Traceback (most recent call last):
  File "test_tvm_e2e.py", line 80, in <module>
    tm= end2end_benchmark(model, target, batch_size)
  File "test_tvm_e2e.py", line 47, in end2end_benchmark
    graph, lib, params = nnvm.compiler.build(net, target=target, shape={"data": data_shape}, params=params)
  File "/home/ubuntu/tvm/nnvm/python/nnvm/compiler/build_module.py", line 305, in build
    graph = graph.apply("GraphCompile")
  File "/home/ubuntu/tvm/nnvm/python/nnvm/graph.py", line 234, in apply
    check_call(_LIB.NNGraphApplyPasses(self.handle, npass, cpass, ctypes.byref(ghandle)))
  File "/home/ubuntu/tvm/nnvm/python/nnvm/_base.py", line 75, in check_call
    raise NNVMError(py_str(_LIB.NNGetLastError()))
nnvm._base.NNVMError: [20:40:19] include/nnvm/op.h:530: Check failed: op != nullptr 

@masahi mentioned this might be related to graph fuse and layout transformation. I changed “if tag.is_broadcast(op.tag)” to “if tag.is_injective(op.tag)” in conv2d_NCHWc schedule but the same error pops.
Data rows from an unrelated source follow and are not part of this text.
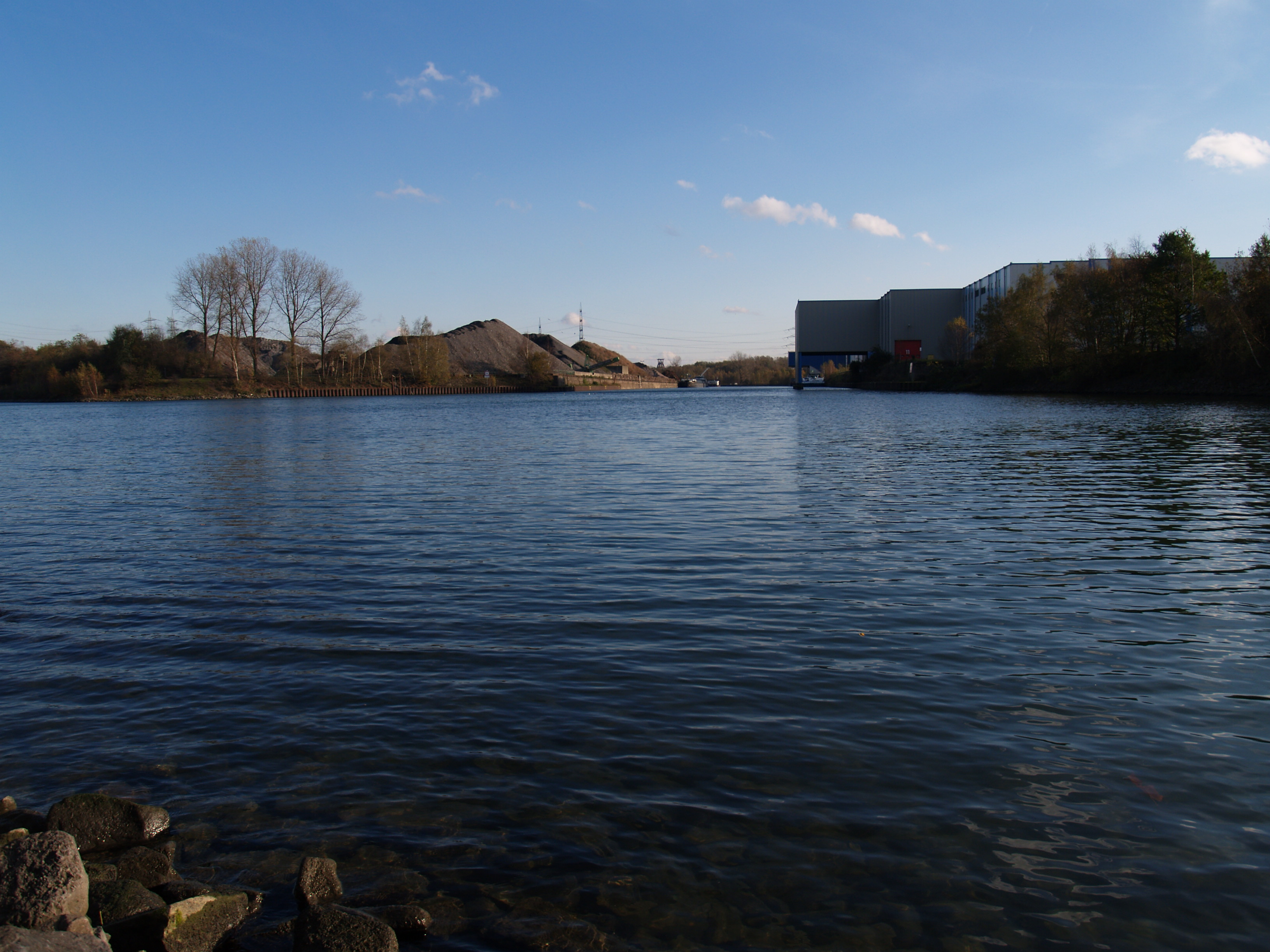 Port Grimberg at Rhein-Herne-Kanal
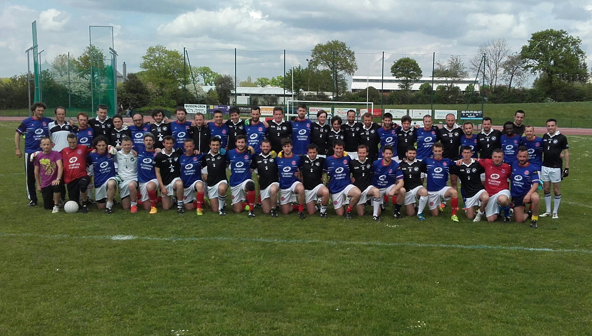 Gaelic football match France - Brittany 05/07/2016 in Liffré (Brittany)
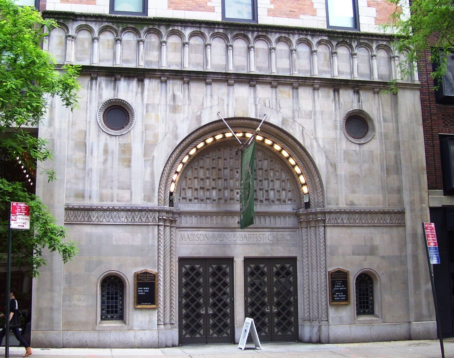 Madison Avenue Baptist Church entrance at in the Hotel Roger Williams building at 129 Madison Avenue between 30th and 31st Street in the Rose Hill neighborhood of Manhattan, New York City.
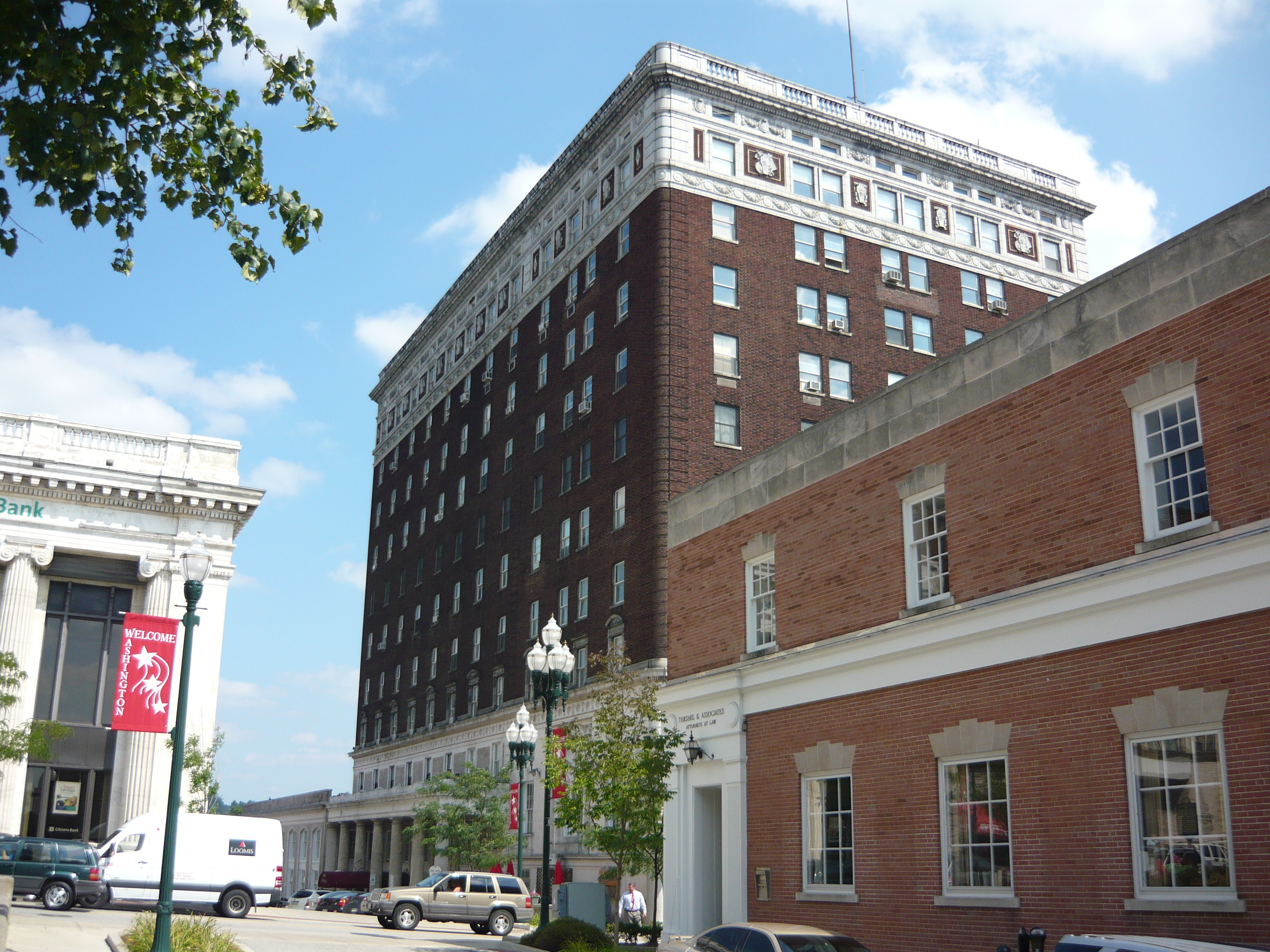 George Washington Hotel, 60 South Main Street (corner of East Cherry Avenue), (City of) Washington, Pennsylvania. Built: 1923. Architect: William Lee Stoddart.
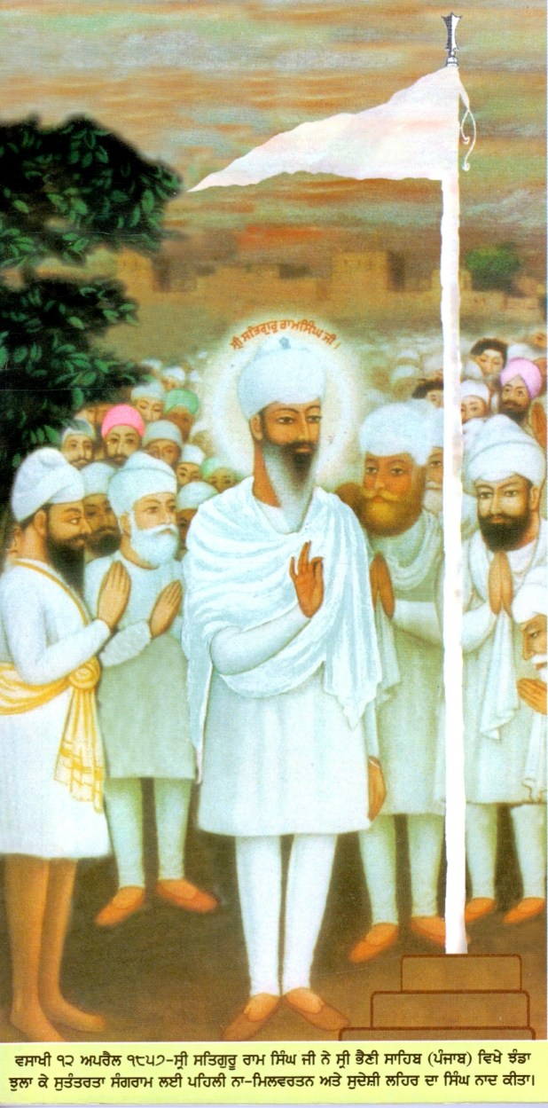 The White triangular flag symbolizing peace and purity.
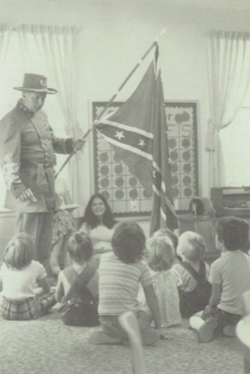 Headmaster Bill Bradshaw poses in a Confederate uniform with a Confederate flag in the 1979 Franklin Road Academy yearbook.
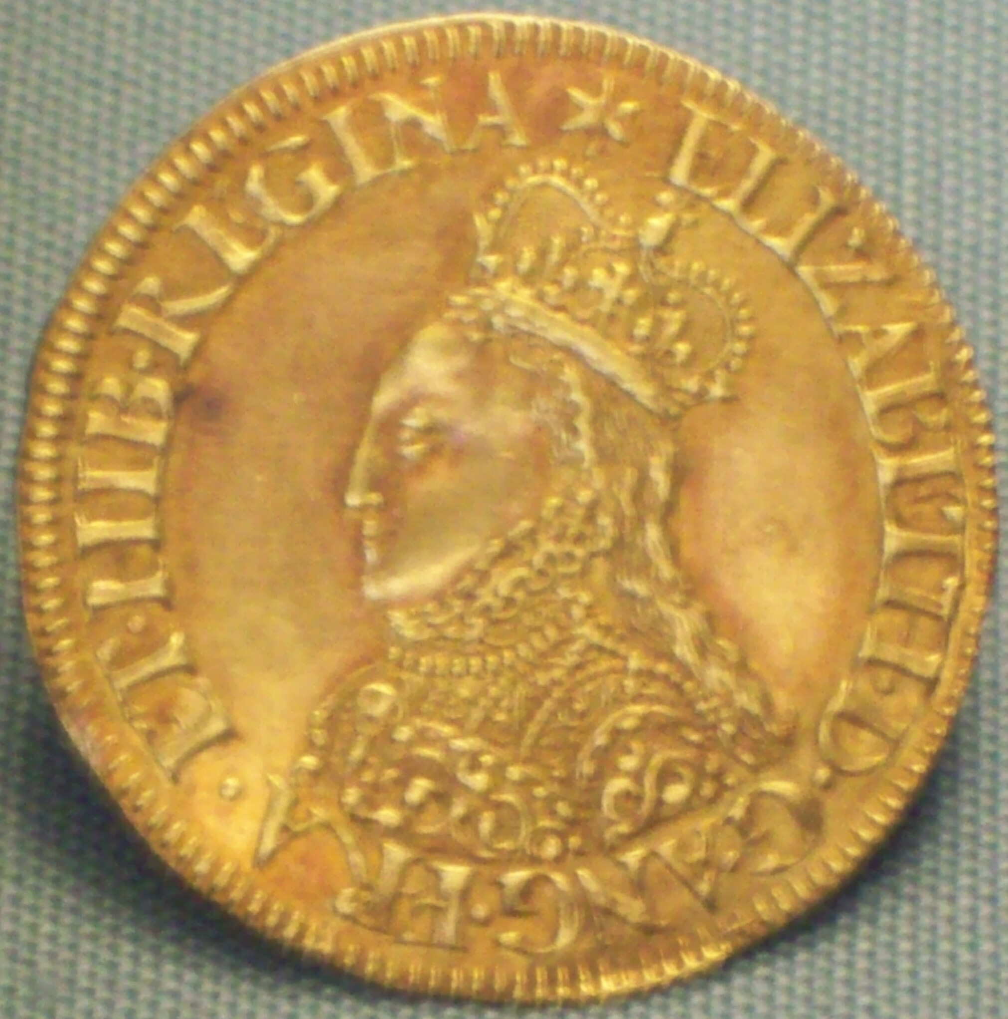 Gold Half-Pound coin of Queen Elizabeth I (1560-61), one of the first English machine-produced milled coins. Example held in the British Museum, Money Gallery (Room 68). Inscription: ELIZABETH DG ANG FRA ET HIB REGINA

I also tried to roll back graph_fuse.cc back to https://github.com/dmlc/tvm/pull/1548, but getting another error:

Traceback (most recent call last):
  File "test_tvm_e2e.py", line 80, in <module>
    tm= end2end_benchmark(model, target, batch_size)
  File "test_tvm_e2e.py", line 47, in end2end_benchmark
    graph, lib, params = nnvm.compiler.build(net, target=target, shape={"data": data_shape}, params=params)
  File "/home/ubuntu/tvm/nnvm/python/nnvm/compiler/build_module.py", line 288, in build
    graph, params = precompute_prune(graph, params)
  File "/home/ubuntu/tvm/nnvm/python/nnvm/compiler/build_module.py", line 407, in precompute_prune
    out_arrs = _run_graph(pre_graph, params)
  File "/home/ubuntu/tvm/nnvm/python/nnvm/compiler/build_module.py", line 356, in _run_graph
    graph, libmod, _ = build(graph, target, shape, dtype)
  File "/home/ubuntu/tvm/nnvm/python/nnvm/compiler/build_module.py", line 305, in build
    graph = graph.apply("GraphCompile")
  File "/home/ubuntu/tvm/nnvm/python/nnvm/graph.py", line 234, in apply
    check_call(_LIB.NNGraphApplyPasses(self.handle, npass, cpass, ctypes.byref(ghandle)))
  File "/home/ubuntu/tvm/nnvm/python/nnvm/_base.py", line 75, in check_call
    raise NNVMError(py_str(_LIB.NNGetLastError()))
nnvm._base.NNVMError: [20:39:37] src/core/pass.cc:30: Check failed: reg != nullptr Cannot find pass GraphCompile in the registry

Any idea on this issue?

The last error should be fixed by adding this commit https://github.com/dmlc/tvm/pull/1564

I am probably responsible for the first error. I thought this was due to autotvm being involved, but your error log suggest this also occurs outside of autotvm.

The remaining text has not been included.